* Instructions to follow:
Take the entries below and reproduce exactly the portion that begins at the line containing "Responsável por coordenar" and ends at the line containing "SUQQUは裏切らない‼️📣 ラメがキランキランなのに上品で、 マットブラウンは使いやすくてもう言う事ない💁♀️", keeping both ends, dropping pictures, and adding nothing else.
======== Data ========
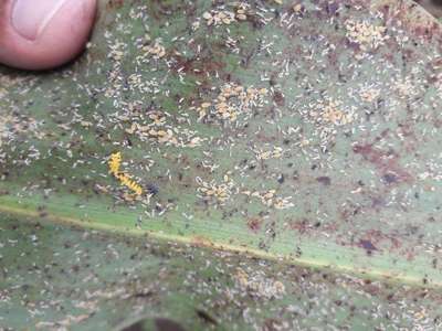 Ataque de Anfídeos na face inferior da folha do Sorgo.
========
======== Data ========
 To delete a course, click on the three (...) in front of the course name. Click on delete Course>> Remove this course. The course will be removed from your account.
========
======== Data ========
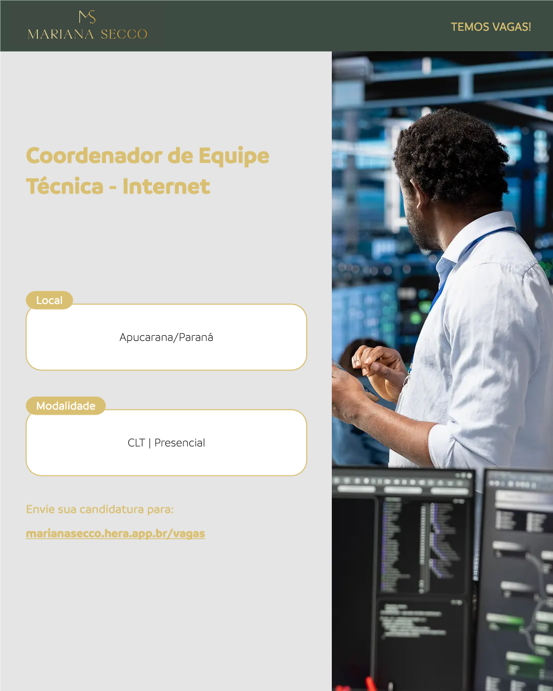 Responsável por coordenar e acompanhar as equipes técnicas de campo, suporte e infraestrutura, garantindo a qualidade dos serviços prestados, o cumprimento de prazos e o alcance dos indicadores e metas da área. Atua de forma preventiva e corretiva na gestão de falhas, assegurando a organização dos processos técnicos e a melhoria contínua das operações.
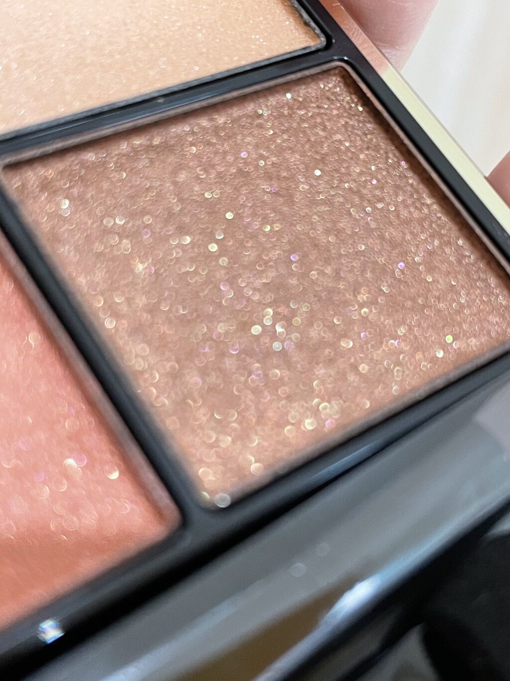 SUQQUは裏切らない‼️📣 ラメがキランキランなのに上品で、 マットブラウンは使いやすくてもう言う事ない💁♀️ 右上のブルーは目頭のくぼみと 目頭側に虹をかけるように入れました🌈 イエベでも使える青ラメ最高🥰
========
* Output of the exercise:
 Responsável por coordenar e acompanhar as equipes técnicas de campo, suporte e infraestrutura, garantindo a qualidade dos serviços prestados, o cumprimento de prazos e o alcance dos indicadores e metas da área. Atua de forma preventiva e corretiva na gestão de falhas, assegurando a organização dos processos técnicos e a melhoria contínua das operações.
 SUQQUは裏切らない‼️📣 ラメがキランキランなのに上品で、 マットブラウンは使いやすくてもう言う事ない💁♀️ 右上のブルーは目頭のくぼみと 目頭側に虹をかけるように入れました🌈 イエベでも使える青ラメ最高🥰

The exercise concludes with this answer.